A partir da esquerda, Benites (2º lugar em Contos), Benito (1º lugar em Contos), Rita (3º lugar em Crônicas) e Novaes/ (classificado em Poesias) |
AS CORES DA COPA
Se você tem mais do que quarenta anos, deve lembrar que, no
nosso tempo de criança, televisão em cores era luxo para poucos. Eu não era um desses poucos. Lá em casa o aparelho preto e
branco, de formato arredondado e bojudo, com uma baita profundidade e uma
antena desengonçada onde vira e mexe um pedaço de bombril se fazia notar,
ficava sobre um móvel que a gente chamava de arca, na sala. Não era
propriamente uma arca, estava mais para uma mistura de cristaleira com aparador,
mas dava para apoiar a tevê, e isso é o que importava.
O ano era 1970 e na minha inocente infância veio a brilhante
ideia para assistir à Copa do Mundo que nem gente rica: transformar a tevê preto
e branca em tevê em
cores. Reunimos os colegas na calçada, no descanso do
pique-bandeira que jogávamos no meio da rua, e colocamos a cabeça para
funcionar. Como fazer, se dinheiro quase não havia?

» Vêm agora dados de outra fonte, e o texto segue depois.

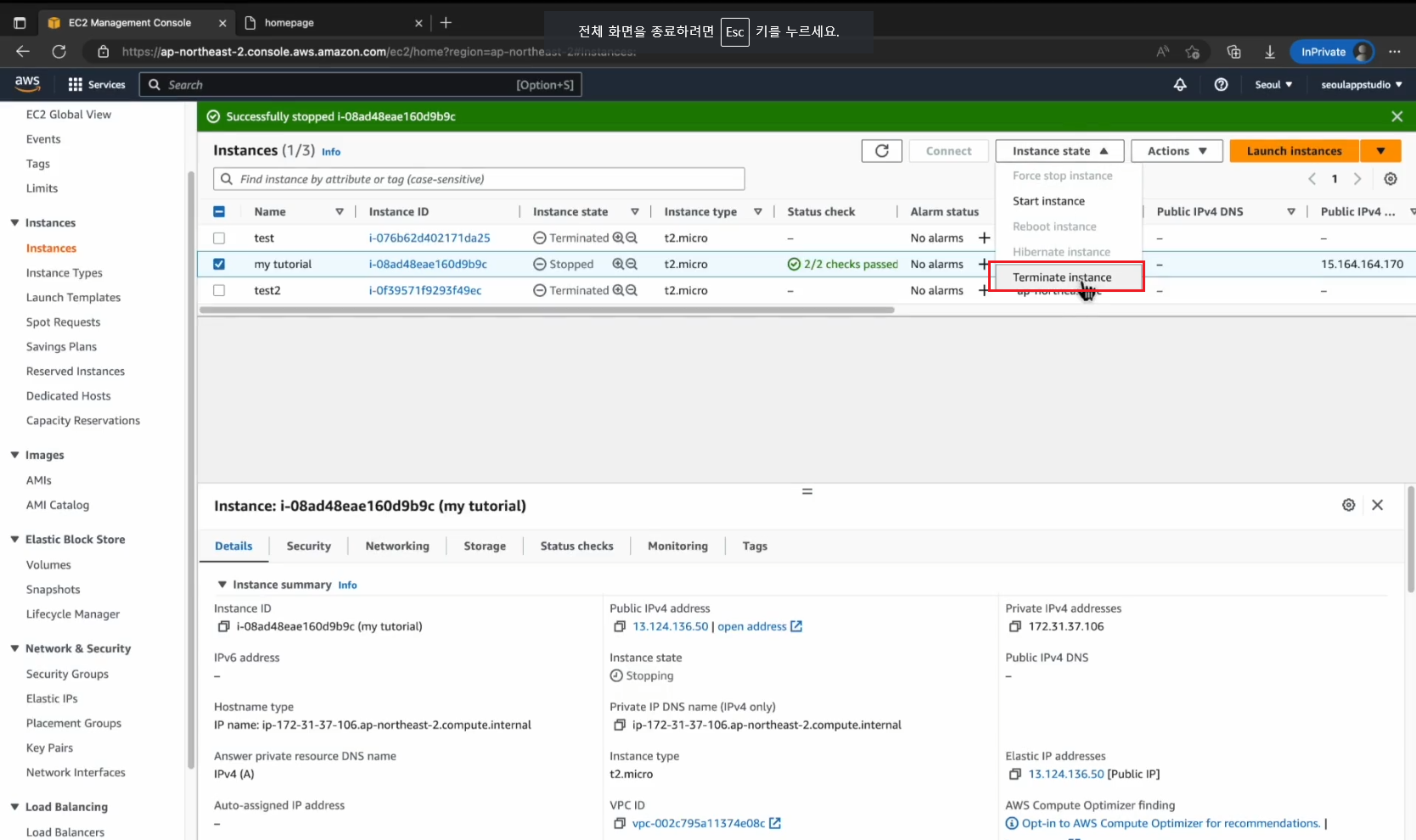 지난시간에 켰었던 서버를 끄도록 한다. 끄지 않으면 과금이 발생한다. IP 할당을 하기 위해 다시 킨다.

A ideia vencedora foi arrecadar um pouquinho de cada -
pouquinho mesmo, que naquela época nenhum de nós recebia mesada, e o que
conseguíamos era fruto de carregar uma sacola de compras de uma senhorinha
daqui, ir buscar uma cerveja no bar de lá, passar uma rifa e coisas do tipo – e
resolver o problema na papelaria.
Lá chegando, fizemos a escolha dos tons: verde, azul e
amarelo, afinal todo mundo sabia as cores de nossa bandeira. Um papel celofane
de cada uma dessas cores e fita durex. Tesoura em punho, nos pusemos a cortar
faixas do mesmo tamanho, dividindo a área da tevê em três retângulos de altura
e larguras similares.
A mãe tinha dado uma saída, acho que à feira ou à quitanda,
coisas que hoje quase não existem mais, e eu e a turma estávamos preparando a
tevê para a cirurgia. Quando ela chegou, foi logo dando uma bronca na gente,
onde estávamos com a cabeça para ficar colando plástico na televisão? Mas aí
ela olhou de novo, viu as cores e sacou nossa intenção. Não sei se eram os meus
ou os olhos dela que se marearam naquele momento, e ela abaixou o tom da voz,
sentou-se e falou mansinho que a nossa ideia era muito boa, mas que a gente ia
ver caras amarelas, corpos azuis e pés verdes porque as cores não seriam as
cores de verdade da imagem, mas faixas coloridas soltas sobre o que aparecesse
na tela. “A gente sabe, tia”, foi a resposta da minha amiga Solange, mas pelo
menos assim podemos ver os jogos sem ser em cinza.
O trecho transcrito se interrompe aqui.